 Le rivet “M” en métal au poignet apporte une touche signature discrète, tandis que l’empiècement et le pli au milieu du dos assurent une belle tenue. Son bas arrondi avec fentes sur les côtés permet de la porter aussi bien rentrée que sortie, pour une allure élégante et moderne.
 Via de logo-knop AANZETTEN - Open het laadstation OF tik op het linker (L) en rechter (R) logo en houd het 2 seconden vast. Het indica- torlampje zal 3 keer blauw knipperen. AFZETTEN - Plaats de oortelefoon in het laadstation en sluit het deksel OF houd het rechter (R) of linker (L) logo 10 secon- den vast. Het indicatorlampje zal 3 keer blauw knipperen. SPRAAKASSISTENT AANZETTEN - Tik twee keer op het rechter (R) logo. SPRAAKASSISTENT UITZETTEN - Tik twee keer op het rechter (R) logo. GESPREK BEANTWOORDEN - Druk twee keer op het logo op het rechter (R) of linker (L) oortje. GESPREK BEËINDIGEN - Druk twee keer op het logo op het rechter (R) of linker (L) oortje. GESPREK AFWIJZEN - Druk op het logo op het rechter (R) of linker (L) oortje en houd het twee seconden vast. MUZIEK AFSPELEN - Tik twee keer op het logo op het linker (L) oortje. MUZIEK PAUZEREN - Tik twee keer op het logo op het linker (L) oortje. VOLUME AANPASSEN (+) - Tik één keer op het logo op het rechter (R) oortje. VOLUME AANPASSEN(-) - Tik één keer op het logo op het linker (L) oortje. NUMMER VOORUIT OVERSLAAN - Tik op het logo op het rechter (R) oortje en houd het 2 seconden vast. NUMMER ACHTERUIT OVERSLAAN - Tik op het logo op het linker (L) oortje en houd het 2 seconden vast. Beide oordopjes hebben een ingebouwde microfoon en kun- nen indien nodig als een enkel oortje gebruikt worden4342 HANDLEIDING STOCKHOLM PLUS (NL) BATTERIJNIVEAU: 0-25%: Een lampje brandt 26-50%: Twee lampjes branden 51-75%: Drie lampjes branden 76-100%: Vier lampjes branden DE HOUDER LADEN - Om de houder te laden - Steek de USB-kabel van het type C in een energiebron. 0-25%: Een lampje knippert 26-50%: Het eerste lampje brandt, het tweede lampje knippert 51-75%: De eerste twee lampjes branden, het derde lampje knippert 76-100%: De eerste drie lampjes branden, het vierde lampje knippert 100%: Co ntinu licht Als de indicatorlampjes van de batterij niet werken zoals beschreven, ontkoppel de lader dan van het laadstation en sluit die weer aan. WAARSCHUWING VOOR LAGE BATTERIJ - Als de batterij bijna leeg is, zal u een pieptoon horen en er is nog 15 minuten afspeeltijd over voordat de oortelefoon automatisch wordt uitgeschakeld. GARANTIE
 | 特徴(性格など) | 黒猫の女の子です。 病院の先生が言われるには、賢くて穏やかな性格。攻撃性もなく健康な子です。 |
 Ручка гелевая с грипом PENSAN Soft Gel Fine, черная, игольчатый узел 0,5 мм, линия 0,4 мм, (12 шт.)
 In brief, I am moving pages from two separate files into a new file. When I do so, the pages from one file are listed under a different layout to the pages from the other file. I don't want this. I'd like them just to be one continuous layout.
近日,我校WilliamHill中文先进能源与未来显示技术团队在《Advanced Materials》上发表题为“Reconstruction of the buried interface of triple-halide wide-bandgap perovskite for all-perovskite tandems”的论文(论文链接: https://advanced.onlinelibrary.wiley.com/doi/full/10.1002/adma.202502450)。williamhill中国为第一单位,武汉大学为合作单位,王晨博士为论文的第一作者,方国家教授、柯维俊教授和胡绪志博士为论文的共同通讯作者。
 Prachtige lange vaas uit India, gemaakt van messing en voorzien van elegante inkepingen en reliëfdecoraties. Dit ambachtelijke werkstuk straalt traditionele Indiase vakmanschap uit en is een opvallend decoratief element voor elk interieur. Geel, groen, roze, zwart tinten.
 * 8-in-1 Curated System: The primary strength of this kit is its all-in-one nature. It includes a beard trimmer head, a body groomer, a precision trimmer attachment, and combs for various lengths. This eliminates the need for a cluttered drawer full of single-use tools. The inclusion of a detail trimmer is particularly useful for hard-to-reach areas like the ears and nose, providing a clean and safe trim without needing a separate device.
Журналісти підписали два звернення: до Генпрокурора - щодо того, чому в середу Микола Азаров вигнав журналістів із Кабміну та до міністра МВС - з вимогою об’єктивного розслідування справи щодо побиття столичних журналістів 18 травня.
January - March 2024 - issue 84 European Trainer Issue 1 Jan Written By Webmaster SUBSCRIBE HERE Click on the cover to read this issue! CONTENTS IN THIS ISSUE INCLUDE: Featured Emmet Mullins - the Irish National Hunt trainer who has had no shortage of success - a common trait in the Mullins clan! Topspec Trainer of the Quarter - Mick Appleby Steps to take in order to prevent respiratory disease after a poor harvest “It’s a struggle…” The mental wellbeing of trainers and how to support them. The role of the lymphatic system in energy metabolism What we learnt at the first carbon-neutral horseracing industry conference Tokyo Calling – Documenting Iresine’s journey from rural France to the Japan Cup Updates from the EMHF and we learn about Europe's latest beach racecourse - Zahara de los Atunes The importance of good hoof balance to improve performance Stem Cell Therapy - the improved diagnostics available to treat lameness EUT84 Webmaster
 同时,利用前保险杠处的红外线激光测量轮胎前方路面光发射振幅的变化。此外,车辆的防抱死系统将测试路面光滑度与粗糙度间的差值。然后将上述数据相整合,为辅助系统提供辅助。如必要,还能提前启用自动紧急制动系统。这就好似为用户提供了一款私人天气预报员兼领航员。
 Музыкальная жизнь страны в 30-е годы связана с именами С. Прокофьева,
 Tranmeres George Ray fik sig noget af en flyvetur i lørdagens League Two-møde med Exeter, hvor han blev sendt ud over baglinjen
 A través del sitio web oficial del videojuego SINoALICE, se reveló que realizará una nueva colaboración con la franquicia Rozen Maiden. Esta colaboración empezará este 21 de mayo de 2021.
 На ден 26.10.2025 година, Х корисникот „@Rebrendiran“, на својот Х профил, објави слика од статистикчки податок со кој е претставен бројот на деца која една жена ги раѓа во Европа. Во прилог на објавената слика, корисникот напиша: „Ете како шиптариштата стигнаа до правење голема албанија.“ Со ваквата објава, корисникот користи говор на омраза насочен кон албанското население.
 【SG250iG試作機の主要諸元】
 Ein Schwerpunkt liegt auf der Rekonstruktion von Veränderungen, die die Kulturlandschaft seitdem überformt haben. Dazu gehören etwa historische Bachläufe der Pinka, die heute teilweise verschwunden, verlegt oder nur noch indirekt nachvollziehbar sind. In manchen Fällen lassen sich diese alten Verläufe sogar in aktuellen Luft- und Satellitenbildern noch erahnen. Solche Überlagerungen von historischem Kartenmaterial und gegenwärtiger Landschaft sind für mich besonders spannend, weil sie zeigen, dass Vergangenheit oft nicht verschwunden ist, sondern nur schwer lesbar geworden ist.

- - -

Print the data above again, with nothing altered and nothing left out.

- Output below
 Le rivet “M” en métal au poignet apporte une touche signature discrète, tandis que l’empiècement et le pli au milieu du dos assurent une belle tenue. Son bas arrondi avec fentes sur les côtés permet de la porter aussi bien rentrée que sortie, pour une allure élégante et moderne.
 Via de logo-knop AANZETTEN - Open het laadstation OF tik op het linker (L) en rechter (R) logo en houd het 2 seconden vast. Het indica- torlampje zal 3 keer blauw knipperen. AFZETTEN - Plaats de oortelefoon in het laadstation en sluit het deksel OF houd het rechter (R) of linker (L) logo 10 secon- den vast. Het indicatorlampje zal 3 keer blauw knipperen. SPRAAKASSISTENT AANZETTEN - Tik twee keer op het rechter (R) logo. SPRAAKASSISTENT UITZETTEN - Tik twee keer op het rechter (R) logo. GESPREK BEANTWOORDEN - Druk twee keer op het logo op het rechter (R) of linker (L) oortje. GESPREK BEËINDIGEN - Druk twee keer op het logo op het rechter (R) of linker (L) oortje. GESPREK AFWIJZEN - Druk op het logo op het rechter (R) of linker (L) oortje en houd het twee seconden vast. MUZIEK AFSPELEN - Tik twee keer op het logo op het linker (L) oortje. MUZIEK PAUZEREN - Tik twee keer op het logo op het linker (L) oortje. VOLUME AANPASSEN (+) - Tik één keer op het logo op het rechter (R) oortje. VOLUME AANPASSEN(-) - Tik één keer op het logo op het linker (L) oortje. NUMMER VOORUIT OVERSLAAN - Tik op het logo op het rechter (R) oortje en houd het 2 seconden vast. NUMMER ACHTERUIT OVERSLAAN - Tik op het logo op het linker (L) oortje en houd het 2 seconden vast. Beide oordopjes hebben een ingebouwde microfoon en kun- nen indien nodig als een enkel oortje gebruikt worden4342 HANDLEIDING STOCKHOLM PLUS (NL) BATTERIJNIVEAU: 0-25%: Een lampje brandt 26-50%: Twee lampjes branden 51-75%: Drie lampjes branden 76-100%: Vier lampjes branden DE HOUDER LADEN - Om de houder te laden - Steek de USB-kabel van het type C in een energiebron. 0-25%: Een lampje knippert 26-50%: Het eerste lampje brandt, het tweede lampje knippert 51-75%: De eerste twee lampjes branden, het derde lampje knippert 76-100%: De eerste drie lampjes branden, het vierde lampje knippert 100%: Co ntinu licht Als de indicatorlampjes van de batterij niet werken zoals beschreven, ontkoppel de lader dan van het laadstation en sluit die weer aan. WAARSCHUWING VOOR LAGE BATTERIJ - Als de batterij bijna leeg is, zal u een pieptoon horen en er is nog 15 minuten afspeeltijd over voordat de oortelefoon automatisch wordt uitgeschakeld. GARANTIE
 | 特徴(性格など) | 黒猫の女の子です。 病院の先生が言われるには、賢くて穏やかな性格。攻撃性もなく健康な子です。 |
 Ручка гелевая с грипом PENSAN Soft Gel Fine, черная, игольчатый узел 0,5 мм, линия 0,4 мм, (12 шт.)
 In brief, I am moving pages from two separate files into a new file. When I do so, the pages from one file are listed under a different layout to the pages from the other file. I don't want this. I'd like them just to be one continuous layout.
近日,我校WilliamHill中文先进能源与未来显示技术团队在《Advanced Materials》上发表题为“Reconstruction of the buried interface of triple-halide wide-bandgap perovskite for all-perovskite tandems”的论文(论文链接: https://advanced.onlinelibrary.wiley.com/doi/full/10.1002/adma.202502450)。williamhill中国为第一单位,武汉大学为合作单位,王晨博士为论文的第一作者,方国家教授、柯维俊教授和胡绪志博士为论文的共同通讯作者。
 Prachtige lange vaas uit India, gemaakt van messing en voorzien van elegante inkepingen en reliëfdecoraties. Dit ambachtelijke werkstuk straalt traditionele Indiase vakmanschap uit en is een opvallend decoratief element voor elk interieur. Geel, groen, roze, zwart tinten.
 * 8-in-1 Curated System: The primary strength of this kit is its all-in-one nature. It includes a beard trimmer head, a body groomer, a precision trimmer attachment, and combs for various lengths. This eliminates the need for a cluttered drawer full of single-use tools. The inclusion of a detail trimmer is particularly useful for hard-to-reach areas like the ears and nose, providing a clean and safe trim without needing a separate device.
Журналісти підписали два звернення: до Генпрокурора - щодо того, чому в середу Микола Азаров вигнав журналістів із Кабміну та до міністра МВС - з вимогою об’єктивного розслідування справи щодо побиття столичних журналістів 18 травня.
January - March 2024 - issue 84 European Trainer Issue 1 Jan Written By Webmaster SUBSCRIBE HERE Click on the cover to read this issue! CONTENTS IN THIS ISSUE INCLUDE: Featured Emmet Mullins - the Irish National Hunt trainer who has had no shortage of success - a common trait in the Mullins clan! Topspec Trainer of the Quarter - Mick Appleby Steps to take in order to prevent respiratory disease after a poor harvest “It’s a struggle…” The mental wellbeing of trainers and how to support them. The role of the lymphatic system in energy metabolism What we learnt at the first carbon-neutral horseracing industry conference Tokyo Calling – Documenting Iresine’s journey from rural France to the Japan Cup Updates from the EMHF and we learn about Europe's latest beach racecourse - Zahara de los Atunes The importance of good hoof balance to improve performance Stem Cell Therapy - the improved diagnostics available to treat lameness EUT84 Webmaster
 同时,利用前保险杠处的红外线激光测量轮胎前方路面光发射振幅的变化。此外,车辆的防抱死系统将测试路面光滑度与粗糙度间的差值。然后将上述数据相整合,为辅助系统提供辅助。如必要,还能提前启用自动紧急制动系统。这就好似为用户提供了一款私人天气预报员兼领航员。
 Музыкальная жизнь страны в 30-е годы связана с именами С. Прокофьева,
 Tranmeres George Ray fik sig noget af en flyvetur i lørdagens League Two-møde med Exeter, hvor han blev sendt ud over baglinjen
 A través del sitio web oficial del videojuego SINoALICE, se reveló que realizará una nueva colaboración con la franquicia Rozen Maiden. Esta colaboración empezará este 21 de mayo de 2021.
 На ден 26.10.2025 година, Х корисникот „@Rebrendiran“, на својот Х профил, објави слика од статистикчки податок со кој е претставен бројот на деца која една жена ги раѓа во Европа. Во прилог на објавената слика, корисникот напиша: „Ете како шиптариштата стигнаа до правење голема албанија.“ Со ваквата објава, корисникот користи говор на омраза насочен кон албанското население.
 【SG250iG試作機の主要諸元】
 Ein Schwerpunkt liegt auf der Rekonstruktion von Veränderungen, die die Kulturlandschaft seitdem überformt haben. Dazu gehören etwa historische Bachläufe der Pinka, die heute teilweise verschwunden, verlegt oder nur noch indirekt nachvollziehbar sind. In manchen Fällen lassen sich diese alten Verläufe sogar in aktuellen Luft- und Satellitenbildern noch erahnen. Solche Überlagerungen von historischem Kartenmaterial und gegenwärtiger Landschaft sind für mich besonders spannend, weil sie zeigen, dass Vergangenheit oft nicht verschwunden ist, sondern nur schwer lesbar geworden ist.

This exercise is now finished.